Стоим на перроне, вокруг ни души, даже крыс нет. Меня это начинает сильно тревожить.
— Крысы исчезли, — подтверждает мои опасения Эдик.
— Что бы это могло значить? — струхнула Катя.
— Боятся чего-то, — пожимает плечами мой друг.
— Когда хочешь, можешь успокоить, — у Кати вырывается короткий смешок.
— Их кто-то жрёт, — Ли спотыкается об кучку обглоданных крысиных костей, отшвыривает сапогом, с настороженным вниманием оглядывается, водя автоматом по кругу.
Осман освещает стены станции фонарём, их когда-то начинали обкладывать мраморными плитами, но только успели заложить лишь нижний ярус. В дальнем углу перрона одиноко притаился трёхметровый вагончик, что обычно используется строителями — одно из единственных напоминаниях о пребывании здесь людей. Да, вот ещё, на стенах малярной кистью смачно написано: «Вован козёл!», а чуть ниже: «Сам козёл!!!», я улыбаюсь, на лицо обычные человечески чувства.
— Вагончик проверьте, только аккуратно, — обращаюсь к сержантам.
Они идут осторожно, но крысиные косточки иной раз хрустят под ногами, разнося звук достаточно далеко. Конечно, вряд ли кто-то там есть, но переживания захлёстывают меня через край, даже делаю пару шагов вслед.
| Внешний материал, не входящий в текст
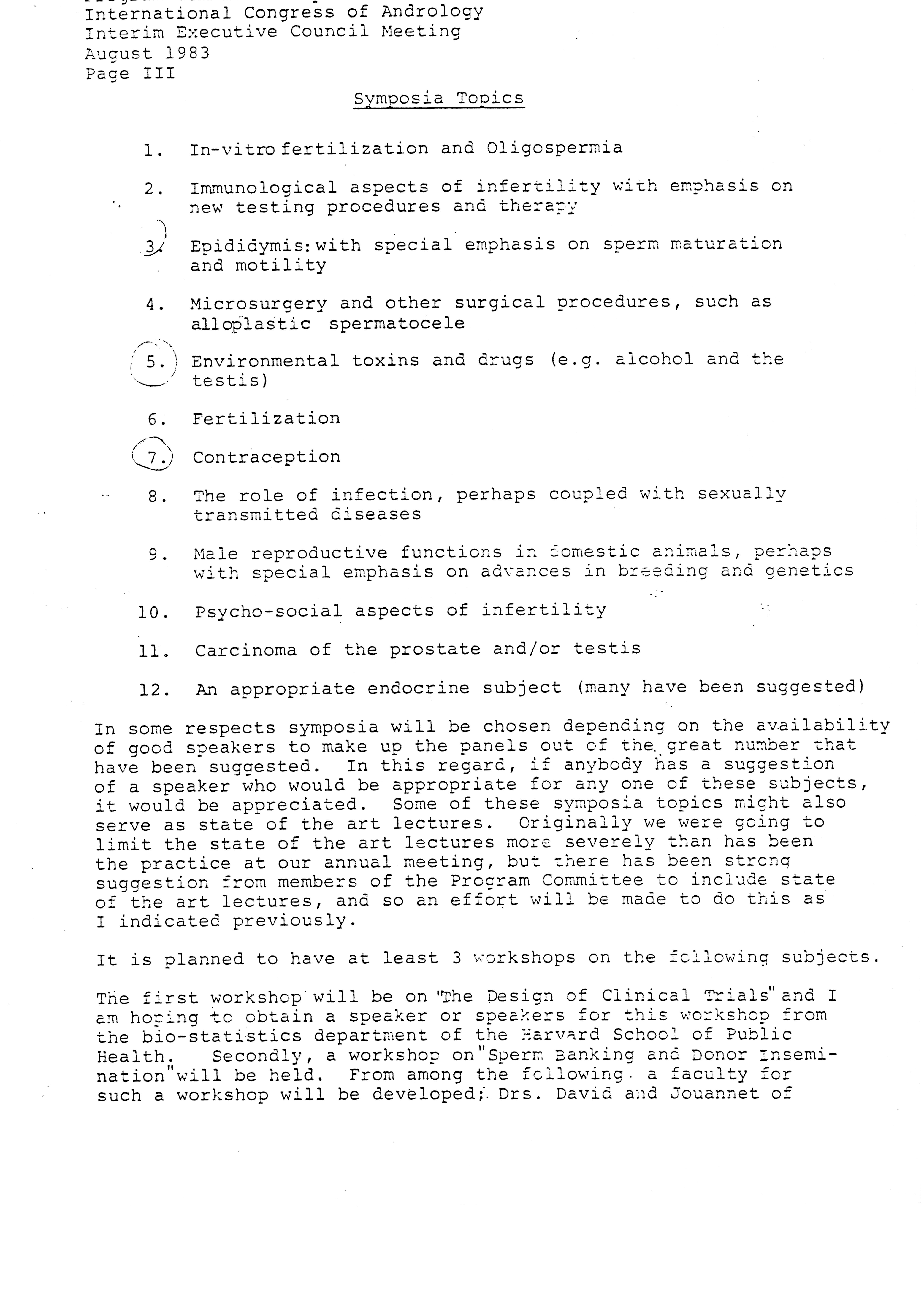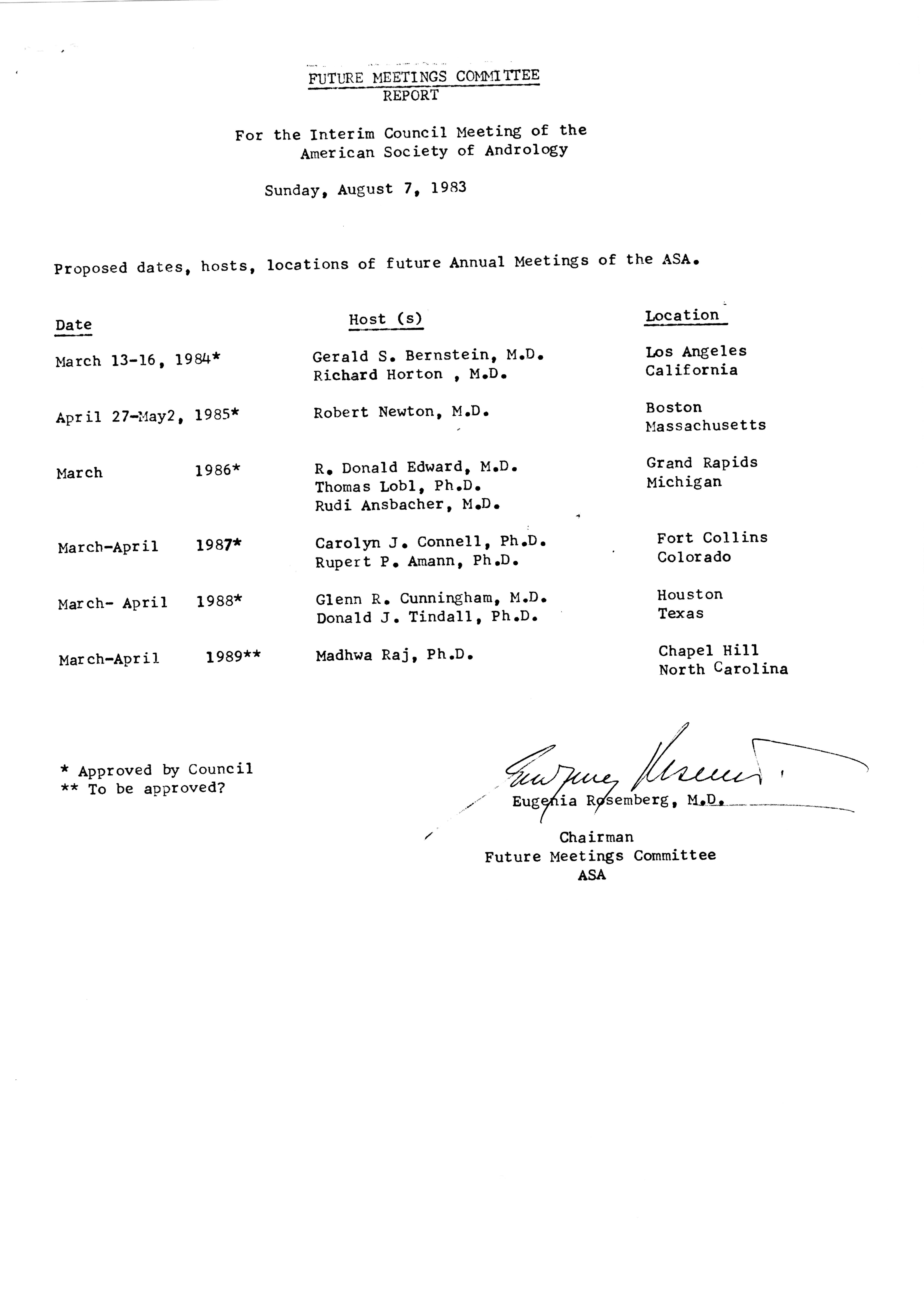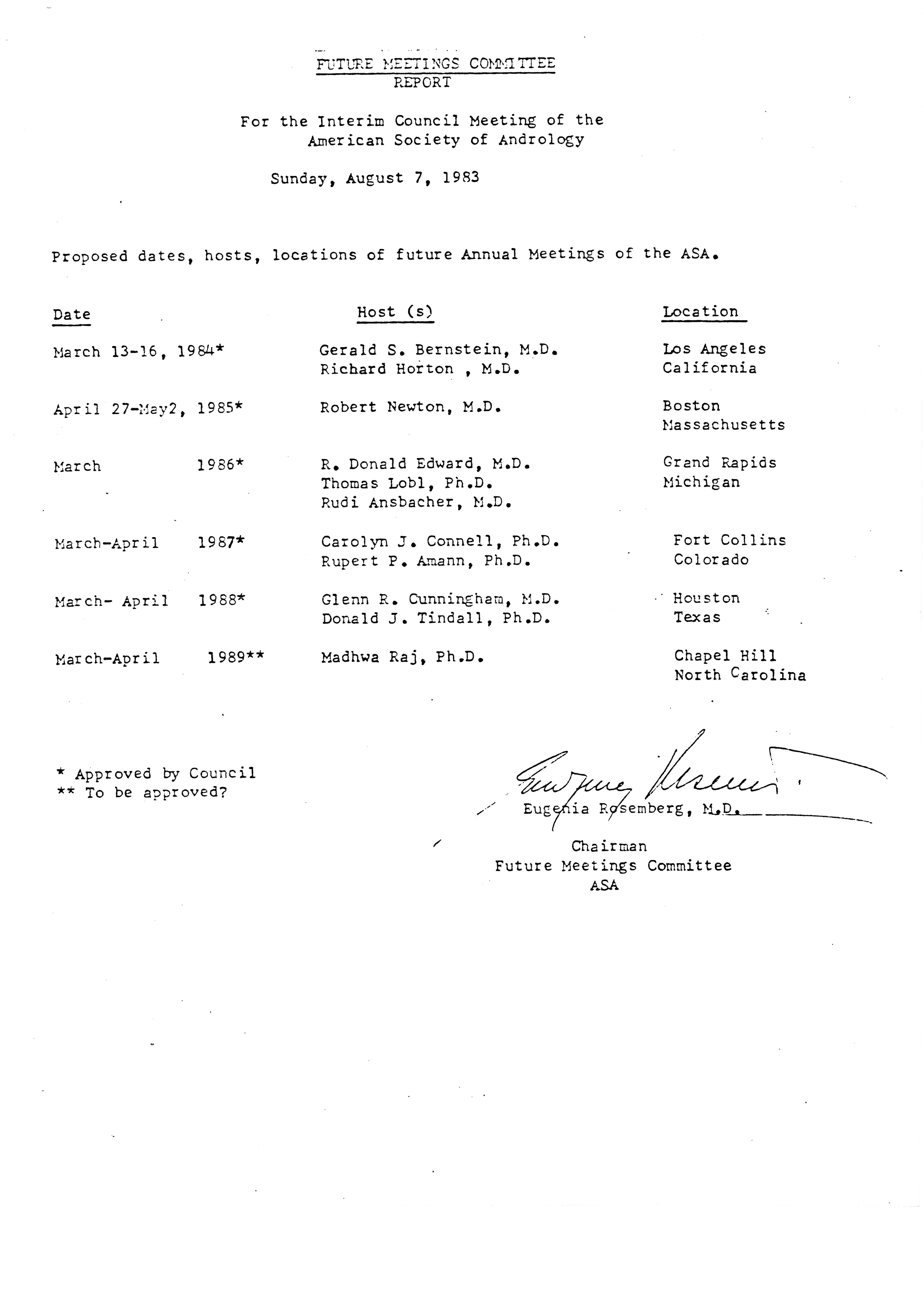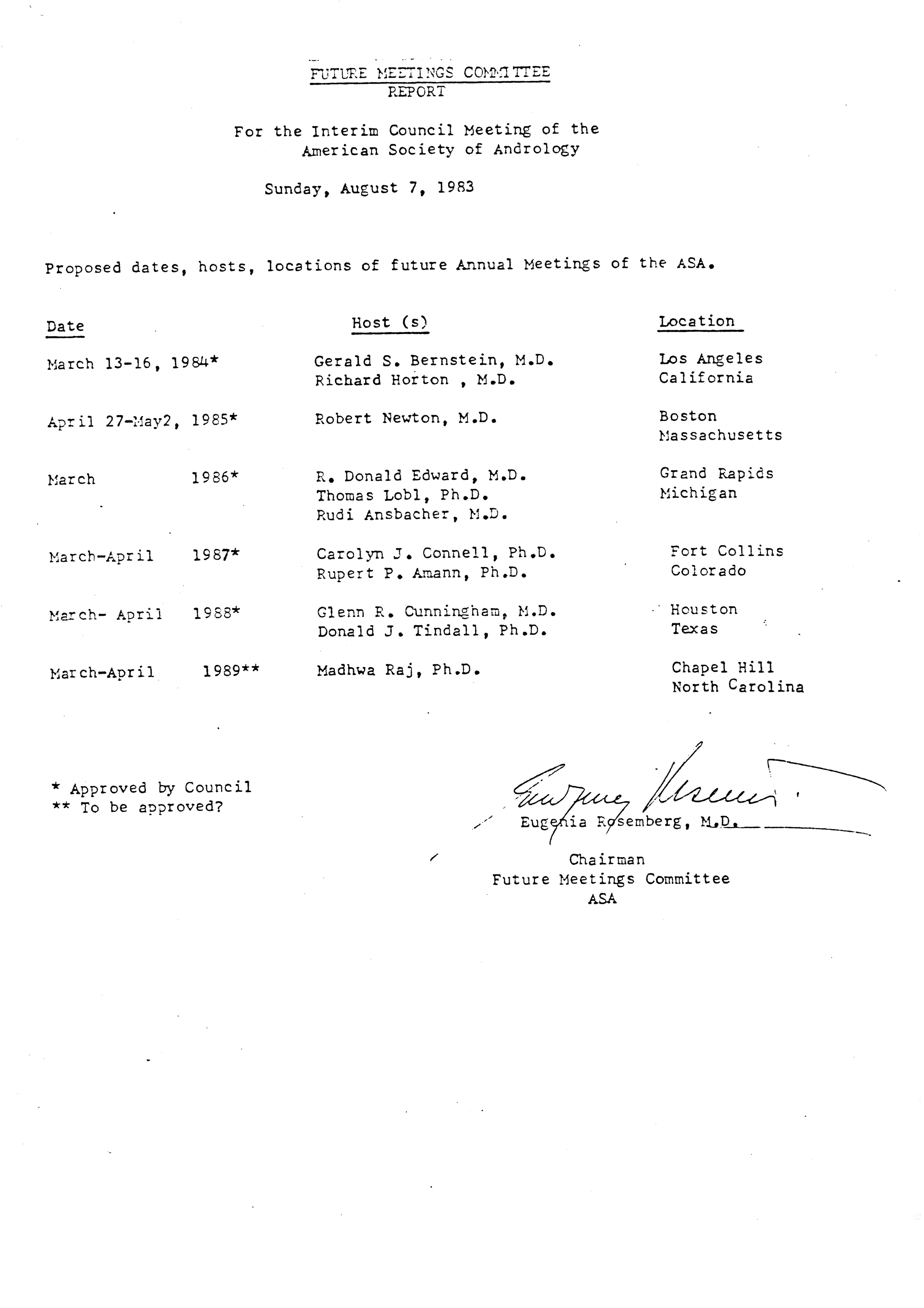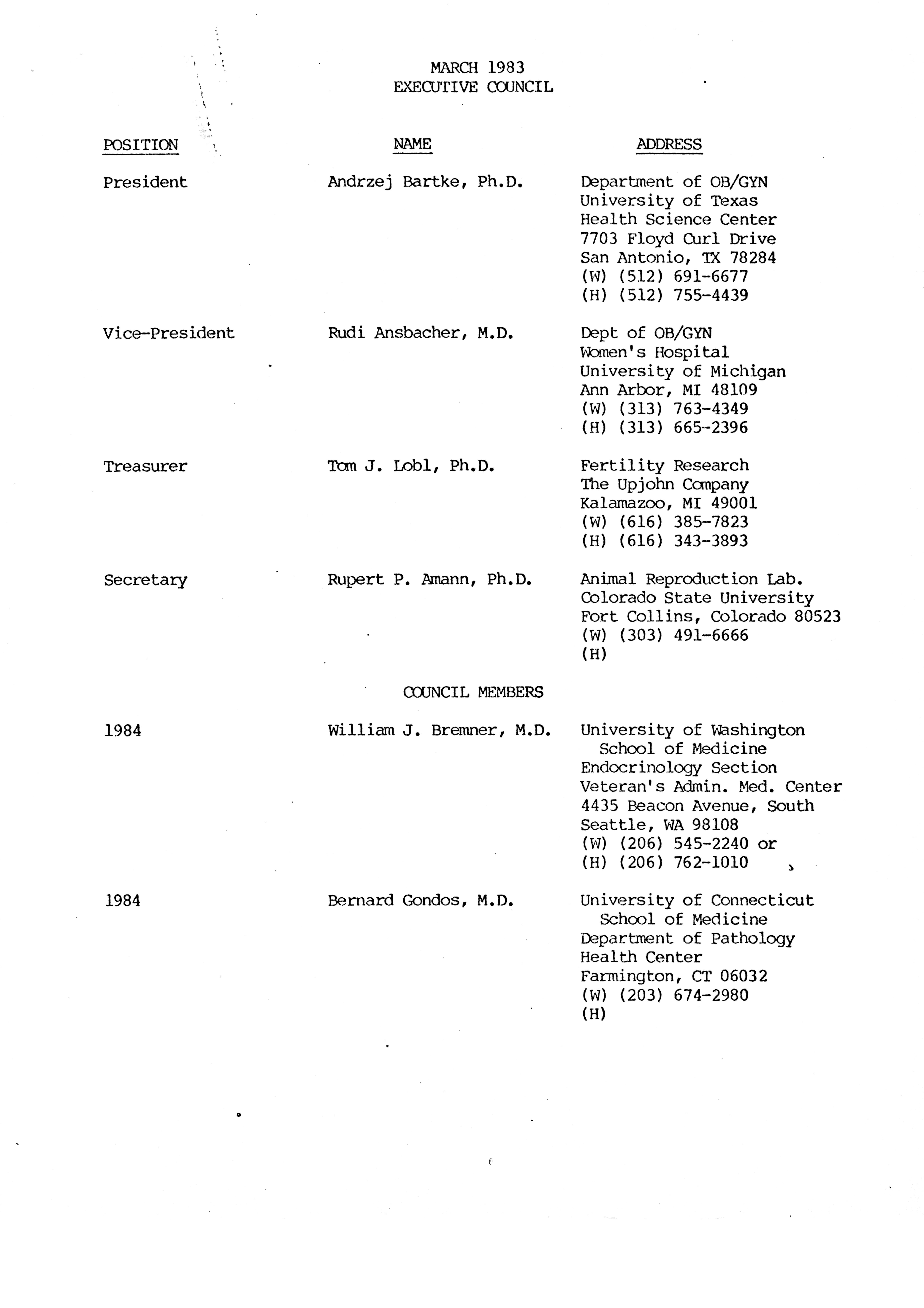 - Executive Council Meetings of the American Society of Andrology, 1983
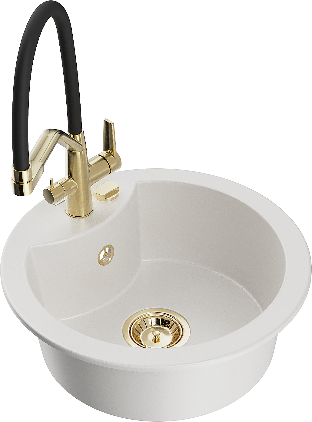 Mexen Diego évier en granit 1 bac avec robinet de cuisine Duo, blanc - 6512-20-671701-57-G
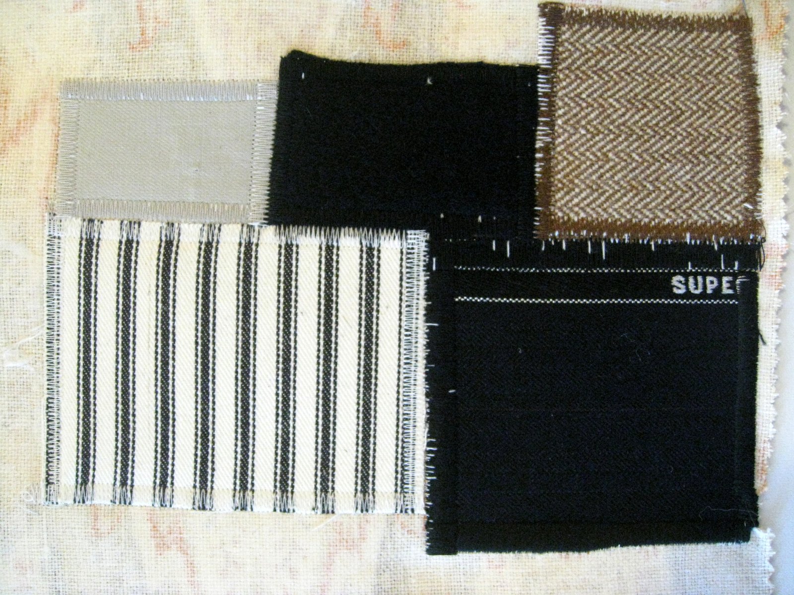 I sampled the type and colour of stitching to use to attach the textiles: How wide to make the zig zag, how close together so the stitching showed but didn't dominate.
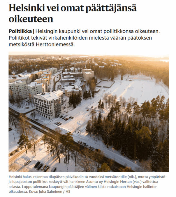 Helsingin Uutiset 3.9. / Kaupunkiympäristölautakunnan poliitikot puuttuivat tiistain kokouksessaan kaavamuutosasiaan, joka olisi mahdollistanut osin 4-kerroksisen ja osin 5-kerroksisen asuintalon rakentamisen Veräjämäkeen.
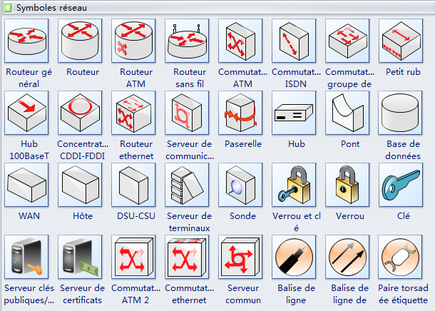 Le logiciel de réseau Edraw comprend de nombreux symboles de réseau, routeur générale, routeur, routeur ATM, routeur sans fil, commutateur ATM, commutation RNIS, commutateurs de groupe de travail, petite moyeux, moyeux de 100BaseT, CDDI-FDDI concentrateur, routeur Ethernet, WAN, hôte, DSU-CSU, etc.
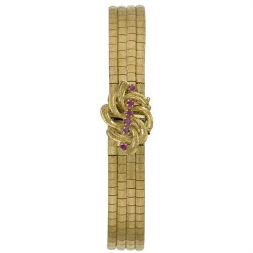 <B>Ruby, Gold Bracelet</B></I><BR><BR>The bracelet features round-cut rubies weighing a total of approximately 0.30 carat, set in 18k yellow gold, stationed by four spaghetti chains in 18k yellow gold. Gross weight 30.80 grams. <BR><I>Dimensions: 7-3/4 inches x 7/16 inch</B></I> <B>Condition Report:</B> Good condition.<BR><BR><b>Shipping:</b> Miscellaneous Collectibles, Smal (<a target="_blank" href="http://www.heritageauctions.com/common/shipping.php">view shipping information</a>)
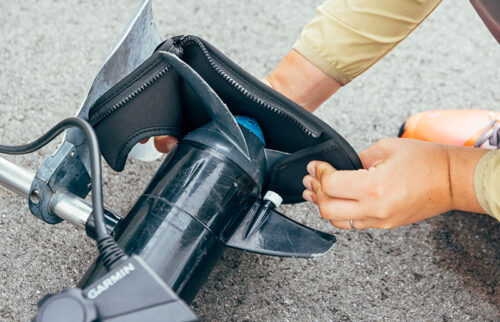 Null Aufwand! Das „Jackall Prop Cover“ ist eine Propellerabdeckung, die mit einem einzigen Handgriff angebracht werden kann und dient zur Abdeckung zum Schutz des Propellers eines Elektromotors. Der Propeller ist ein wichtiges Element, dessen Beschädigung direkt die Manövrierfähigkeit des Elektromotors beeinträchtigt und auch das Angelergebnis beeinflussen kann.
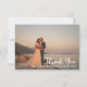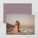 Agradecimiento de boda minimalista con foto que presenta una sola foto grande en la parte delantera con nombres y fecha de la boda y su mensaje único y firmas en la parte trasera. Cuenta con un fondo de lavanda polvoriento en la parte trasera. Marcador de posición de foto de plantilla cortesía de Unsplash. Diseño de Holiday Hearts Designs.

— Они сами справятся, — дёргает меня за рукав Катя, — лучше держи на прицеле дверь.
Наконец-то они подходят, Ли отходит в сторону, присаживается на колено, держит наизготовку автомат, Осман осторожно открывает дверь, светит фонарём и замирает. Через некоторое время, так же тихо отходит, пятится, дёргает недоумевающего Ли и, почти бегом направляются к нам.
— Что там? — с испугом смотрю в серое от ужаса лицо аварца.
— Там женщин спит, — выпучив глаза, шёпотом говорит он.
— Какая женщина? — едва не выкрикиваю я.
— Большая, растянулась на весь вагон, она лежит на человеческих костях и у неё один глаз.
— Очень интересно, — Эдик скребёт бороду. — Может пробовать разбудить?
— С ума сошёл? — Катя вздрагивает.
— Очень может быть, — соглашается он. — Пойду и я посмотрю, — не успеваю ему запретить, а он уже шагает в направлении строительного вагончика. Хочу выругаться, но он идёт на удивление тихо, на косточки не наступает. Вот подходит к двери, слегка открывает, светит фонарём, затем, так же тихо закрывает, на цыпочках бежит к нам:- Уходим отсюда и как можно быстрее — это не женщина, даже не человек.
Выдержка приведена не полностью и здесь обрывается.